I believe in automating the boring stuff. You will find many "One-Liner" scripts here designed to speed up analysis.

Example: Quick IP Extraction

This command pulls IP addresses from a log file, counts the frequency of each IP, and sorts them to show the "noisiest" talkers first.

grep -oE "\b([0-9]{1,3}\.){3}[0-9]{1,3}\b" access.log | sort | uniq -c | sort -nr

Breakdown of the Command:

  • grep -oE "...": Searches the file.

    • -o: Only output the matching text (the IP), not the whole line.

    • -E: Use Extended Regex (allows us to use special patterns).

    • \b([0-9]{1,3}\.){3}[0-9]{1,3}\b: The Regex pattern for an IPv4 address (four groups of numbers separated by dots).

  • |: The Pipe.
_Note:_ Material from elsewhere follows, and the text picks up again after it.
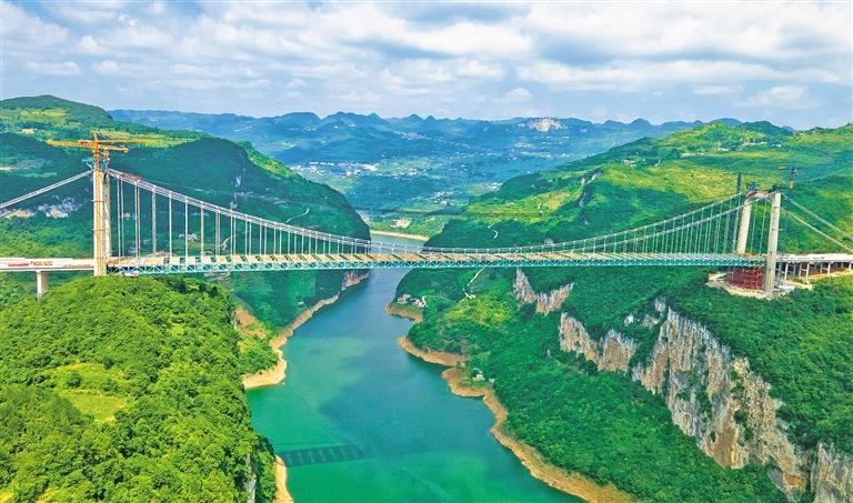 7月10日,金烽乌江大桥成功合龙。该大桥是贵阳经金沙至古蔺(贵金古)高速公路项目的重要控制性工程,全长1473.5米,大桥的合龙为贵金古高速公路明年通车打下了坚实基础。邓 刚摄(中经视觉)

Passes the output of the previous command to the next one.

  • sort: Groups similar lines together (required before using uniq).

  • uniq -c: Removes duplicates but counts (-c) how many times each IP appeared.

  • sort -nr: Sorts the final list.

    • -n: Sort Numerically (by the count).

    • -r: Reverse order (biggest numbers at the top).


About

Daily 30-minute coding drills focused on log parsing, API scraping, and regex challenges. My continuous practice gym for Python and Security skills.